Challenges of neural networks
With the power and capabilities of modern artificial neural networks, it's no surprise that neural networks are where most of the attention, resources and developments in artificial intelligence are currently coming from. Yet, while having proven much capability across a wide range of problem areas, neural nets are just one of many practical approaches for machine learning.
Increasingly, news and research are emerging showing the limits of deep learning capabilities, as well as some of the downsides to the neural network approach. Artificial neural networks require massive amounts of data to learn and are very compute-hungry, which can limit their application in certain use cases. Another major downside is that neural networks are a "black box" -- it's not possible to examine how a particular input leads to an output in any sort of explainable or transparent way. For applications that require root-cause analysis or a cause-effect explanation chain, this makes neural networks not a viable solution. For these situations where major decisions must be supported by explanations, "black box" technology is not always appropriate or allowed.
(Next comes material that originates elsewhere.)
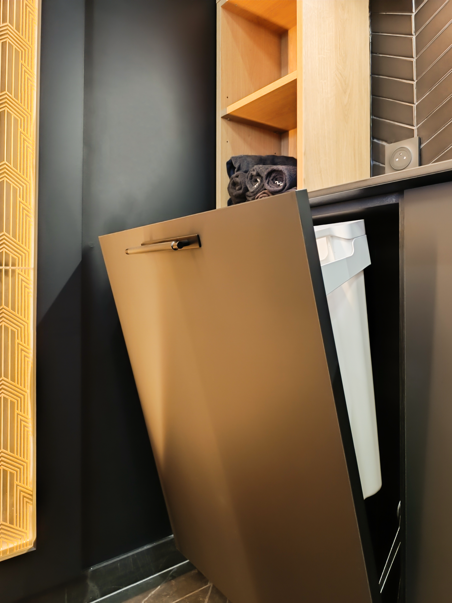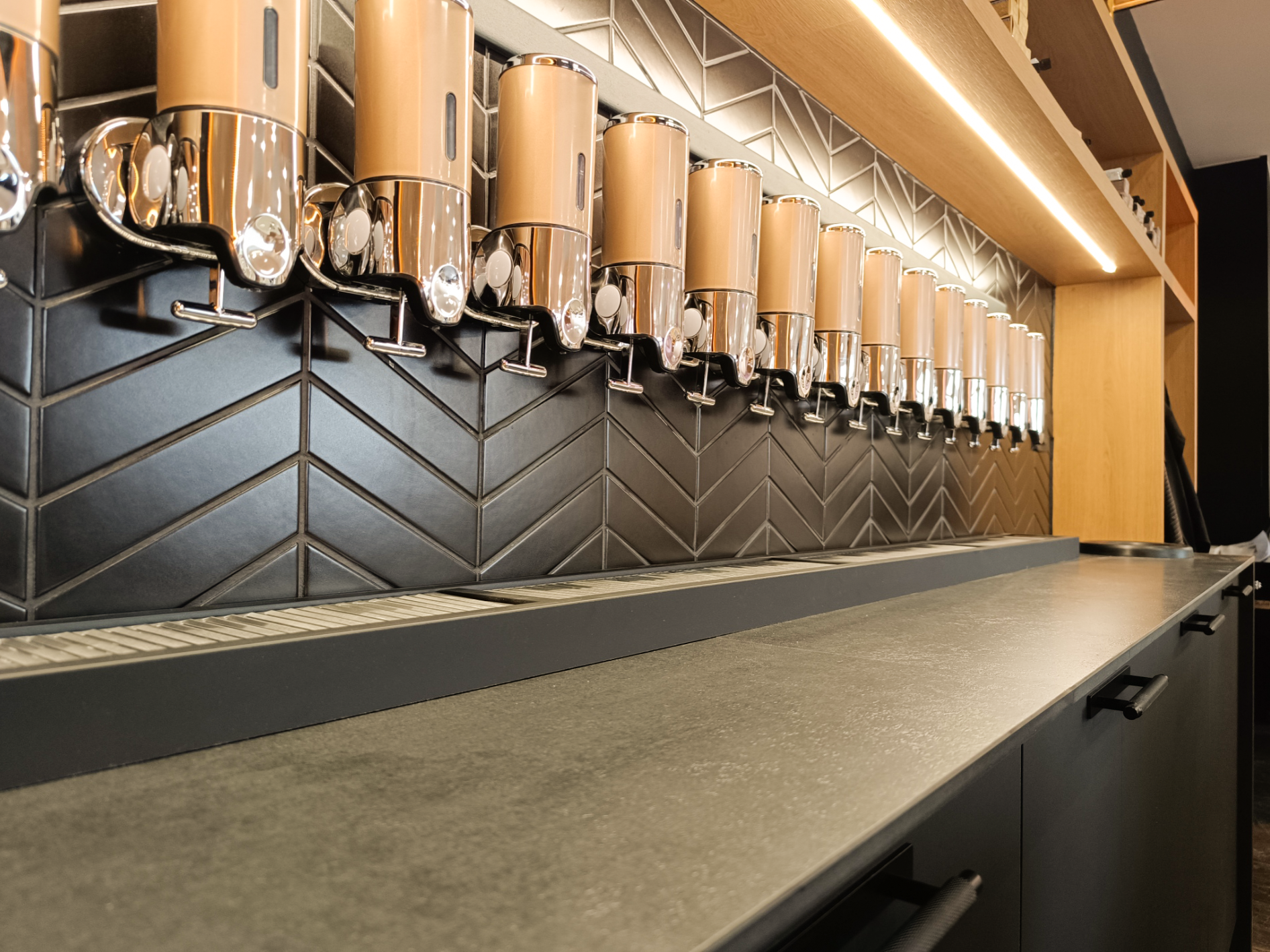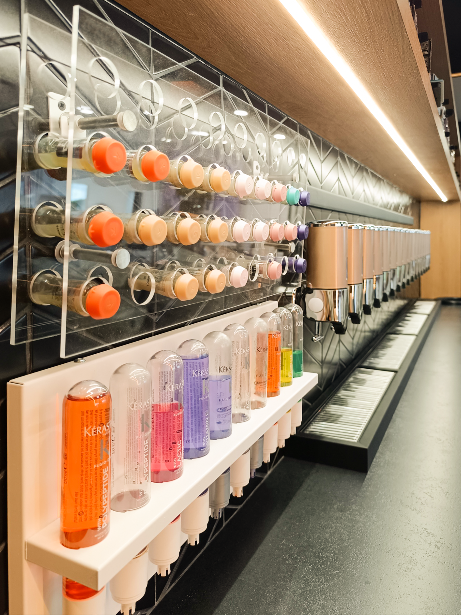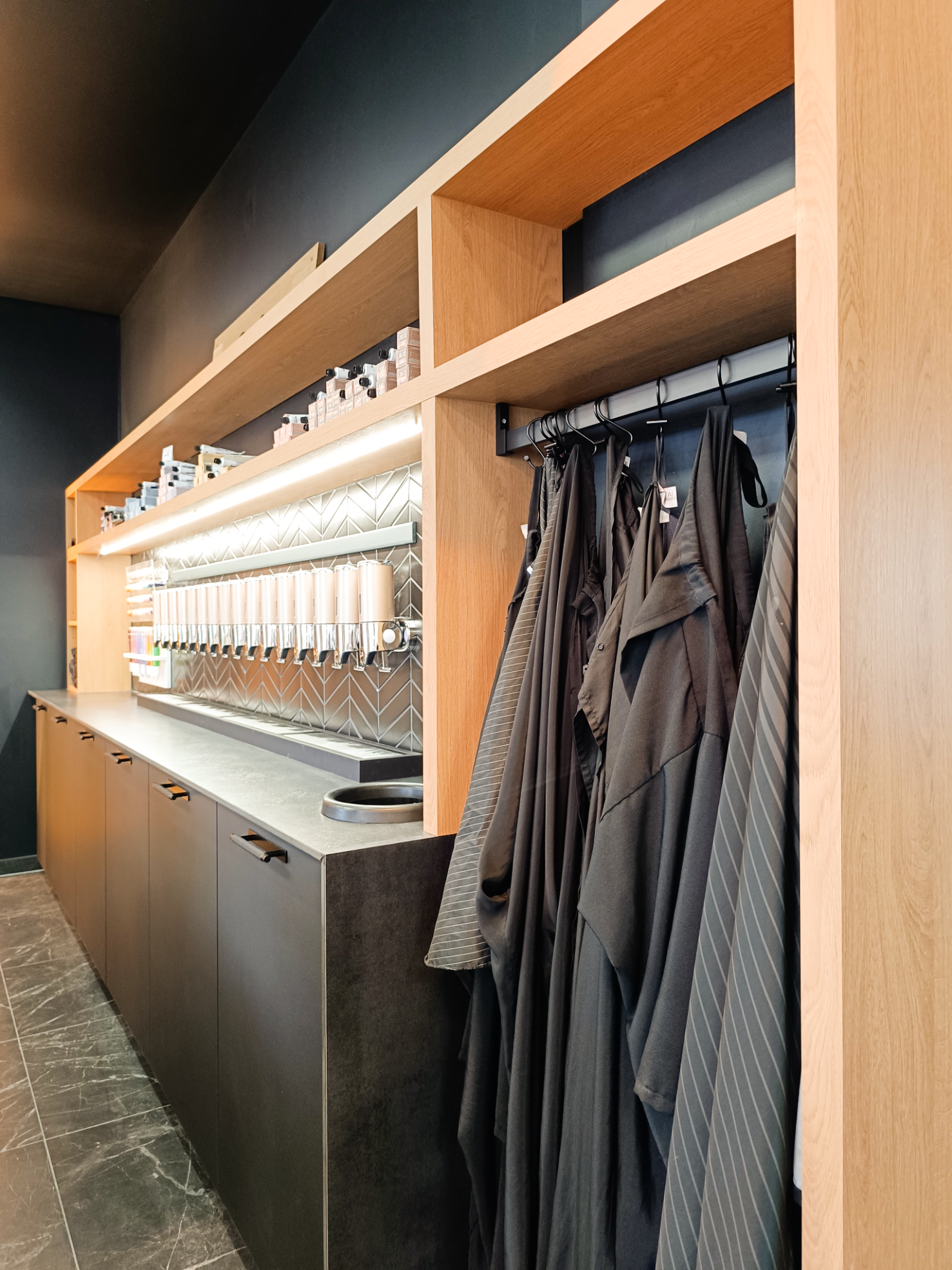 Projet de rénovation d'un espace bac à shampoing dans un salon de coiffure en Gironde. L'espace est repensé autour de 5 nouveaux bacs à shampoing dont un bac spa. La nouvelle circulation est revue grâce à des rideaux en métal tissé qui créent un espace calme, serein et isolé du reste du salon, tout en conservant la belle perspective offerte par ce grand salon de coiffure. Un agencement sur mesure complète l'ensemble, intégrant notamment divers rangements, une penderie ouverte et un bar à shampoing. Pour terminer, une mise en lumière pensée entre fonctionnalité et esthétique, sublime les différents éléments.

Additionally, neural nets are good at classification and clustering of data, but they are not great at other decision-making or learning scenarios such as deduction and reasoning. We're also starting to see how artificial neurons learn differently from how the human brain works. Children who are just beginning to learn and explore the world around them don't rely on supervised learning as their sole method of learning. Rather, they explore and discover the world. Indeed, it might be a combination of supervised, unsupervised and reinforcement learning that pushes the next breakthrough in AI forward. As such, while neural networks are responsible in large part for the advancement of AI that has brought about renewed interest and investment, neural networks are just a piece of the puzzle that is advancing the state of AI.